YOUR SOLIN GENERATED RECIPE
Zesty Pan-Seared Tilapia with Roasted Asparagus
Pan-seared tilapia fillets seasoned with a bright lemon-garlic rub, served alongside crisp-tender roasted asparagus and fluffy quinoa.
INGREDIENTS
8 oz Tilapia fillets
1 cup Asparagus spears
0.5 cup Cooked quinoa
1 tbsp Extra virgin olive oil
1 tbsp Fresh lemon juice
1 tsp Lemon zest
0.5 tsp Garlic powder
0.25 tsp Smoked paprika
0.25 tsp Sea salt
0.25 tsp Black pepper
PREPARATION
Preheat your oven to 400°F and line a baking sheet with parchment paper.
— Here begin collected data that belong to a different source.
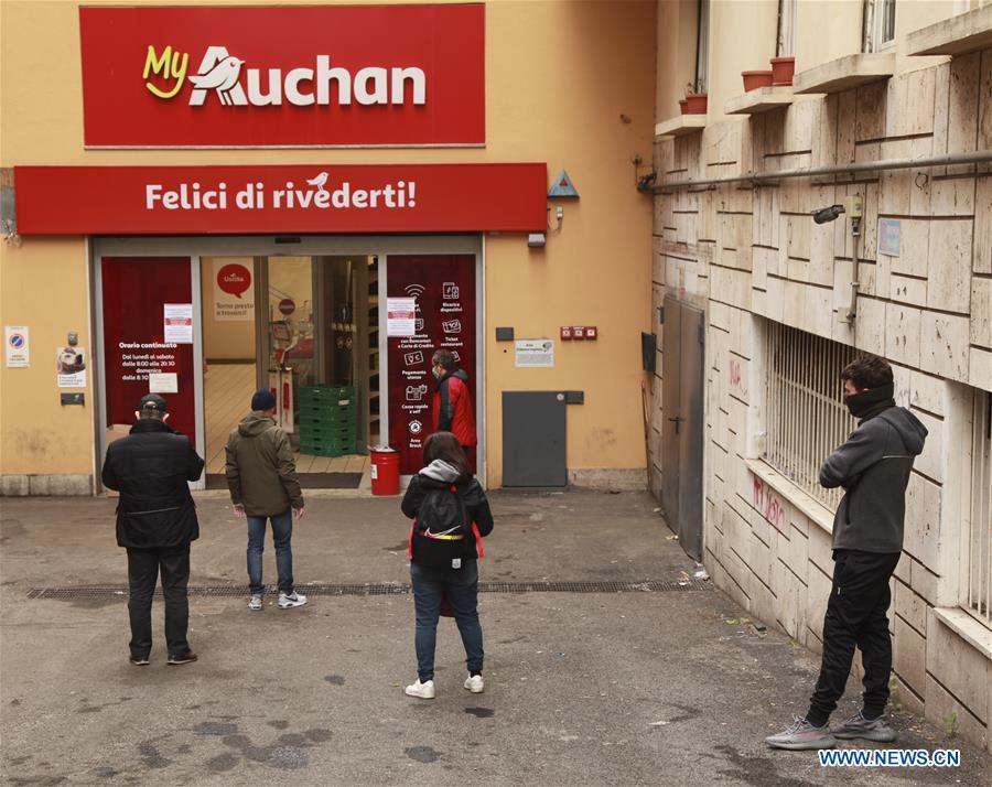 People wait to shop in front of a supermarket in Rome, Italy, March 14, 2020. (Xinhua/Liu Yongqiu)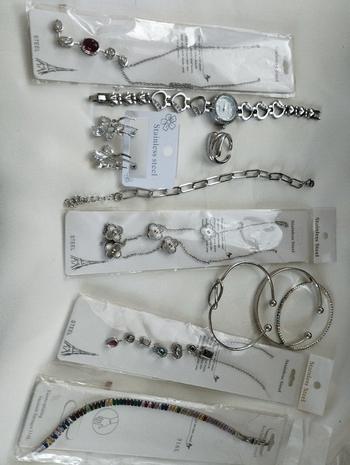 Paslanmaz çelikten yapılmış, renkli zincir detaylı kadın takı seti. Kolye, kalpli saat, yüzük ve küpeler içerir. Günlük kullanıma uygun çağdaş Paris tarzı. ⌚ gorseldekilerin hepsi gönderilecektir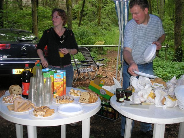 De omgeving van Diekirch en Echternach is erg heuvelachtig dus afstand houden en op tijd terug schakelen was het advies van de organisatoren. Ergens midden in het bos stond er ineens een lekkere picknick klaar. Compleet met broodjes, drinken en tafels om aan te zitten. Daan en Thomas (en aanhang) hadden die morgen al flink wat werk verzet om alles aan te slepen. Perfect jongens!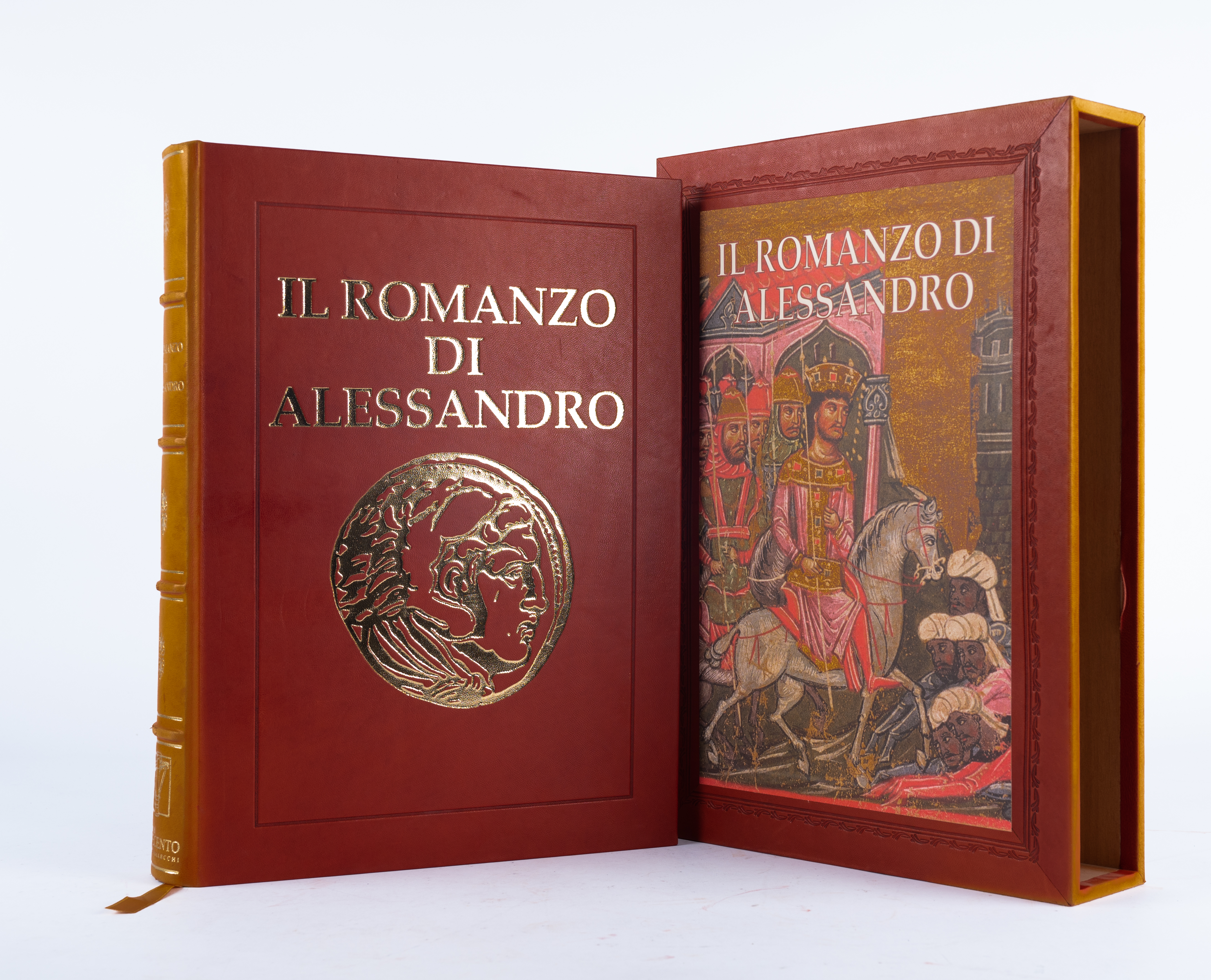 IL ROMANZO DI ALESSANDRO, ed. Officine del Novecento 1999. Volume in folio (cm 46). Legatura editoriale in pelle rossa con impressioni oro al dorso ed al piatto anteriore. Edizione limitata a 1999 copie, la nostra è la n. 408. Opera stampata su carta speciale realizzata dalle cartiere Miliani di Fabriano. Saggi introduttivi a cura di Monica Centanni e Fabrizio Lollini. Il volume è conservato nel suo cofanetto originale rivestito in pelle con decorazioni a secco, illustrato da un'immagine di Alessandro il Grande. Ottimo stato di conservazione. Pp. 272 con un ricco apparato di illustrazioni.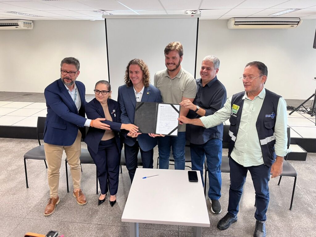 A Prefeitura de Campina Grande alcançou um marco importante nesta segunda-feira (13) com a assinatura do Termo de Compromisso para a implantação da Policlínica Regional na cidade. A cerimônia aconteceu na sede da Caixa Econômica Federal e contou com a presença do prefeito Bruno Cunha Lima, do vice-prefeito Alcidor Vilarim, do secretário municipal de Saúde, Carlos Dunga Júnior, do senador Veneziano Vital do Rêgo e da superintendente do Ministério da Saúde na Paraíba (SEMS/PB), Joelma Greicy Fernandes Lira.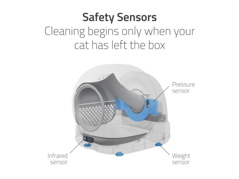 Inbyggda sensorer vet exakt när din katt går in och lämnar lådan och förhindrar aktivering under användning. Rengöringen startar först när din katt har lämnat lådan – vilket säkerställer trygghet och sinnesro för både dig och ditt husdjur.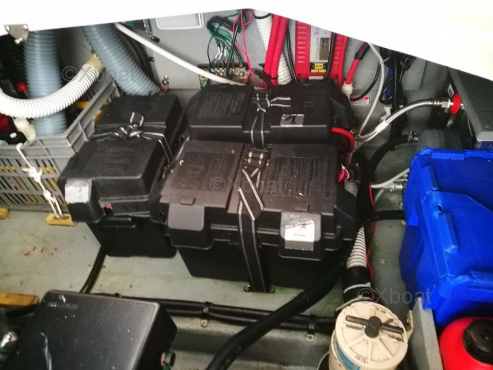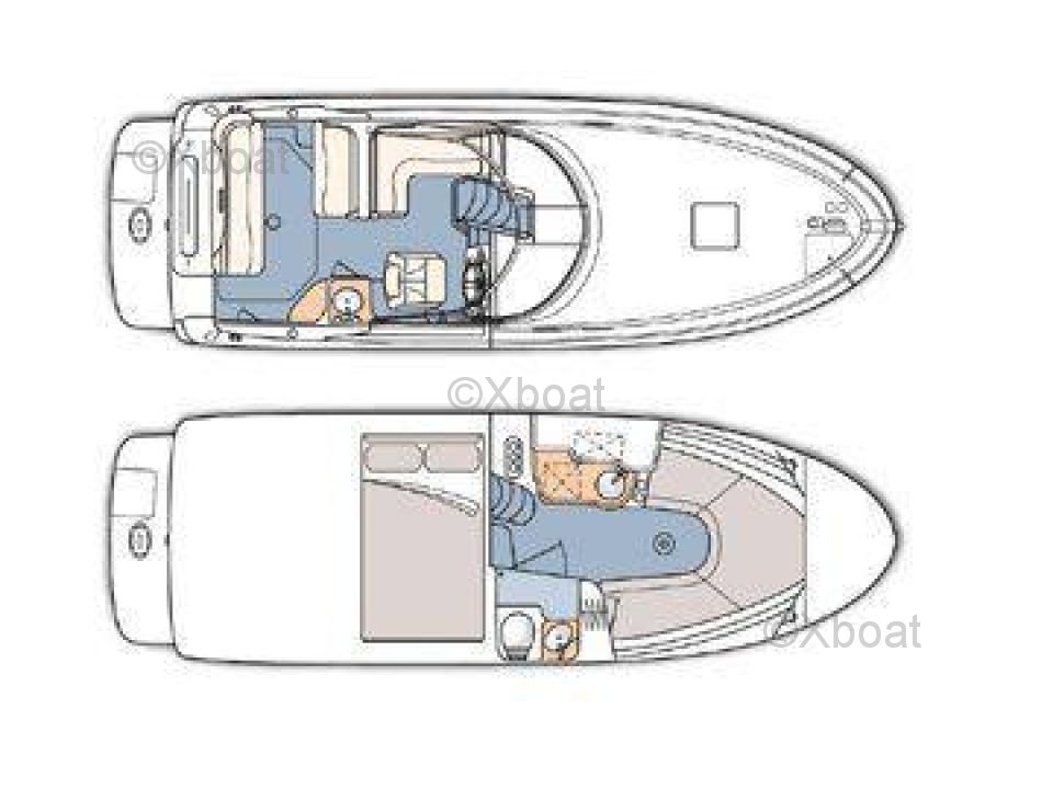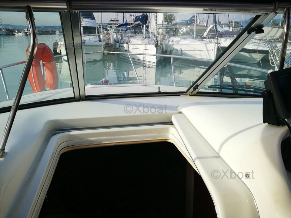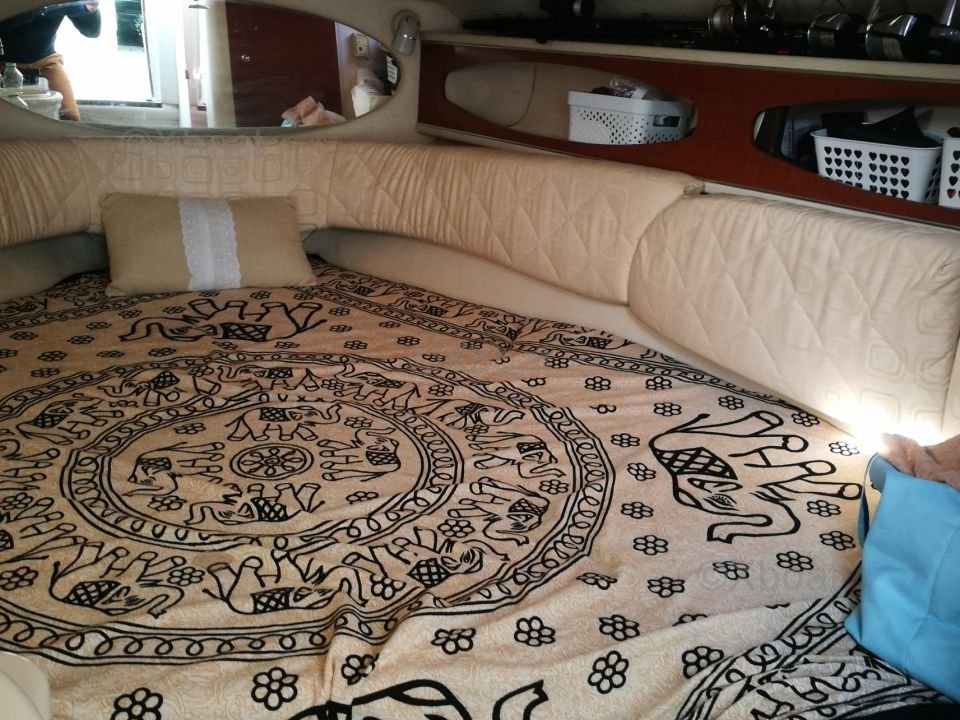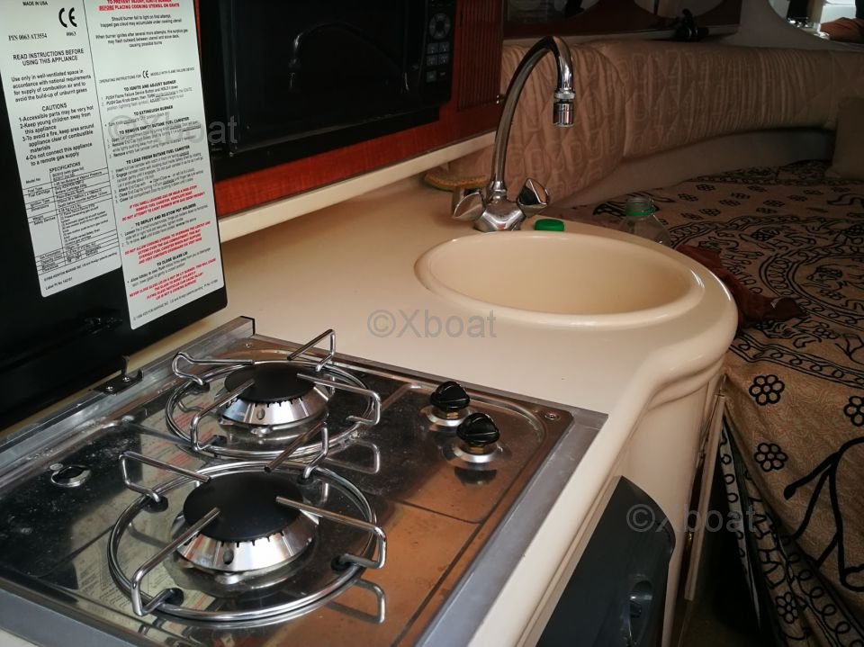 Deck Equipment: The fore deck offers a relaxation area with cushions and armrests. At the stern, a swim platform allows easy access to the water. The boat is also equipped with a canopy to protect the cockpit from the elements.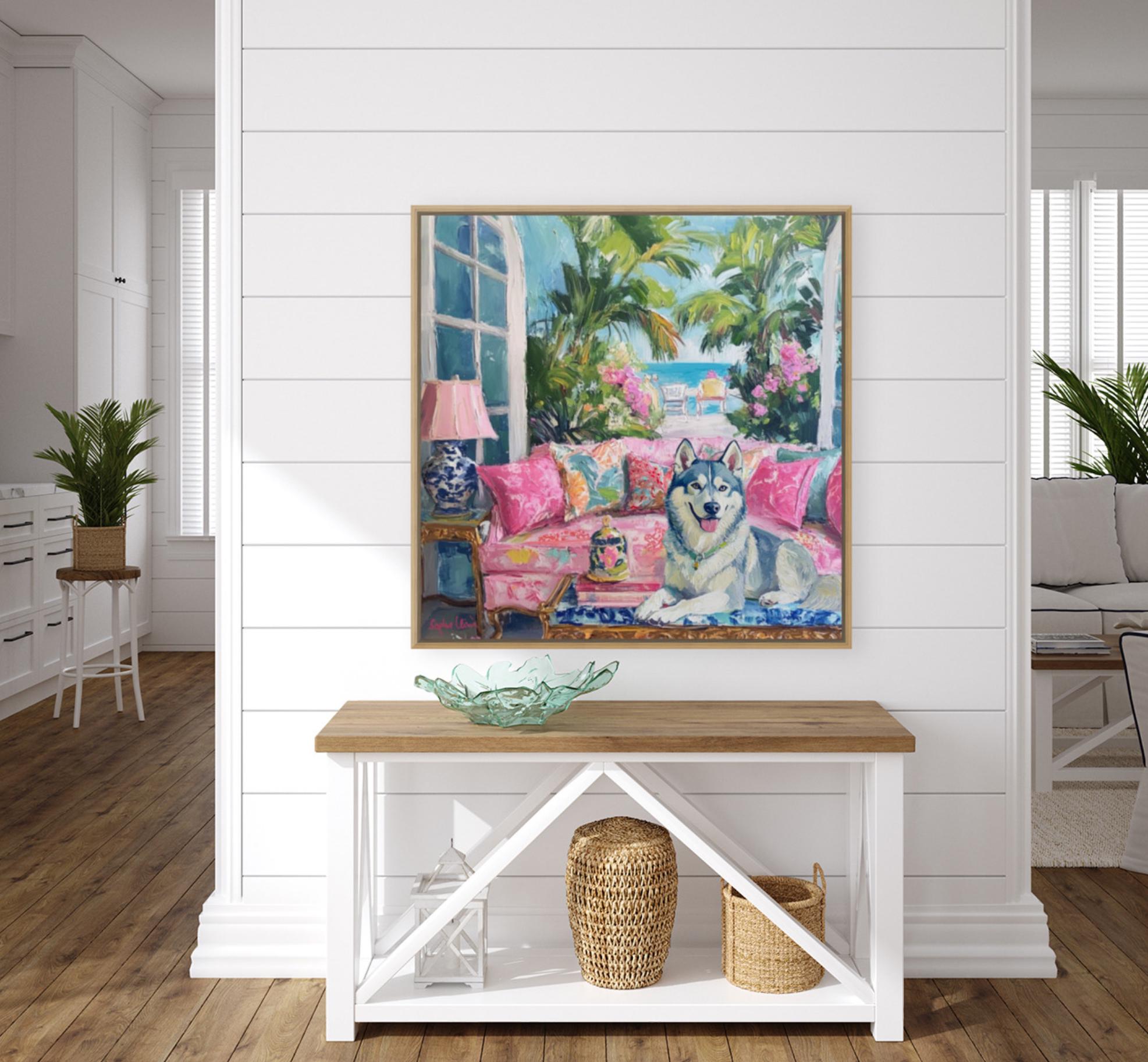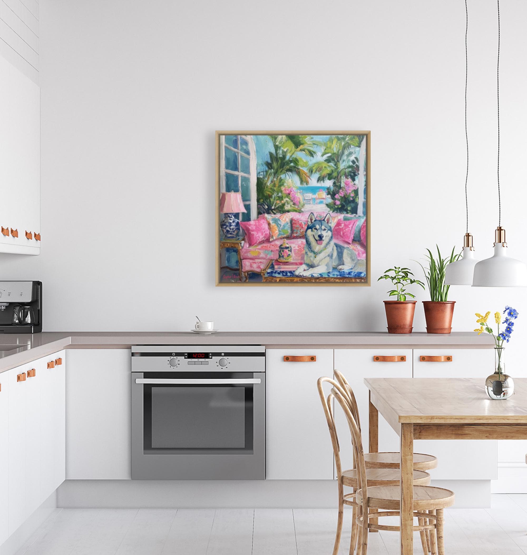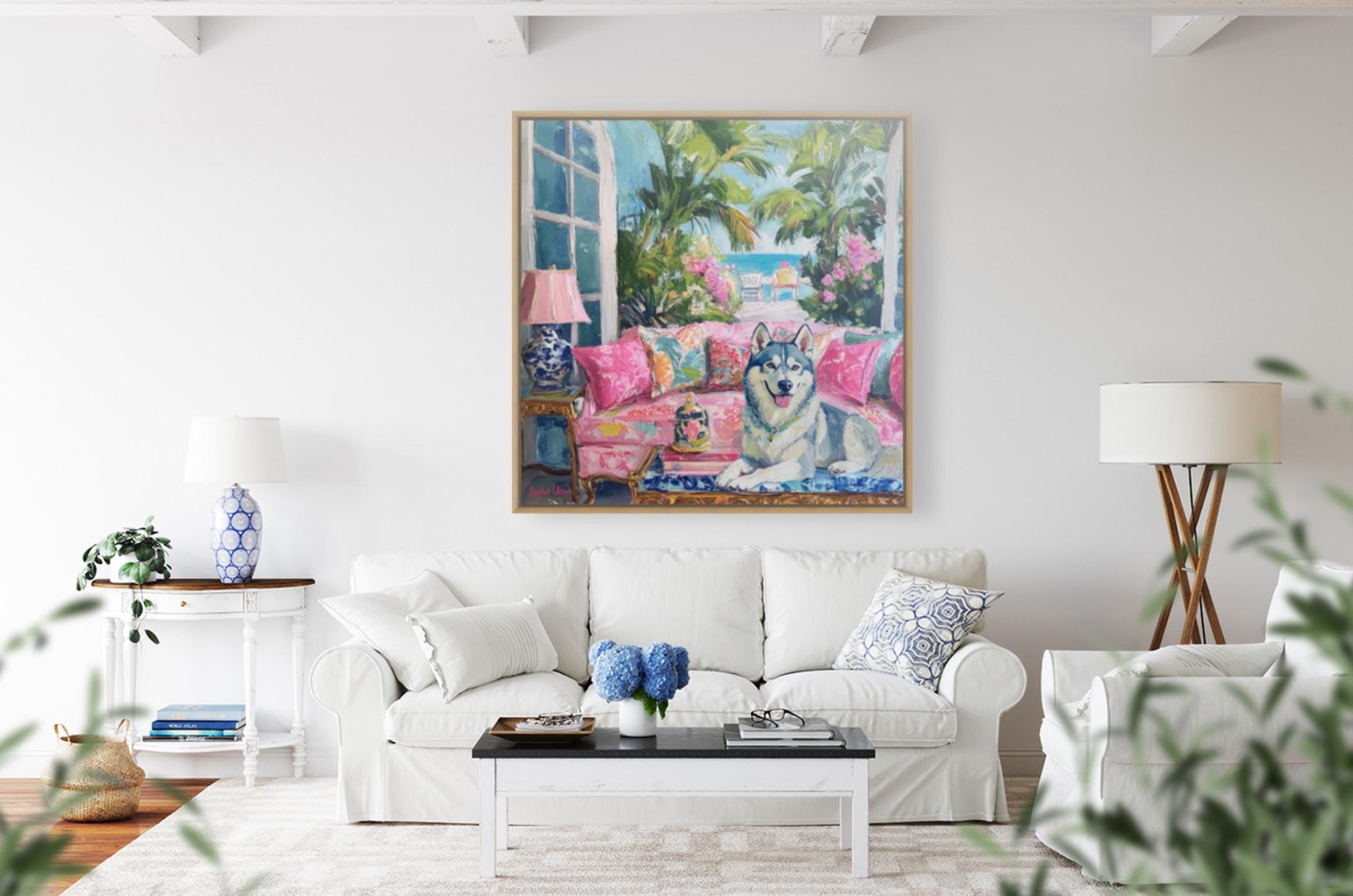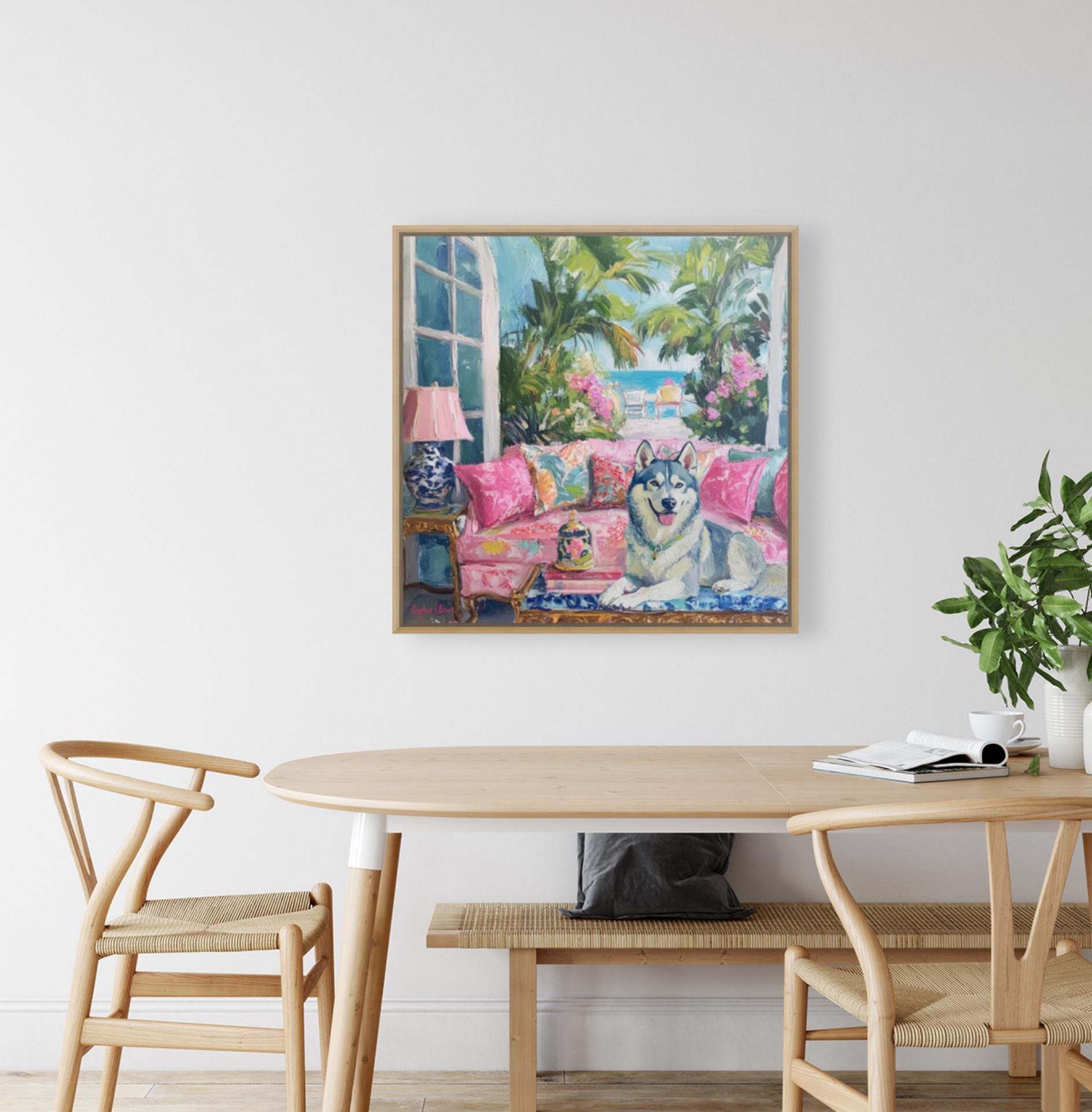 Room with a view, grandmillennial art, whimsical art print, husky portrait

Trim the woody ends off the asparagus and toss the spears on the baking sheet with half of the olive oil, a pinch of salt, and a pinch of pepper.
Roast the asparagus for 12-15 minutes until they are tender and the tips are slightly charred.
While the vegetables roast, pat the tilapia fillets dry with a paper towel and season both sides with garlic powder, smoked paprika, lemon zest, and the remaining salt and pepper.
Heat the remaining olive oil in a large non-stick skillet over medium-high heat.
Place the tilapia in the skillet and sear for 3-4 minutes per side until the fish is golden brown and flakes easily with a fork.
Squeeze the fresh lemon juice over the fish during the last minute of cooking to deglaze the pan.
Serve the zesty tilapia immediately alongside the roasted asparagus and warm quinoa.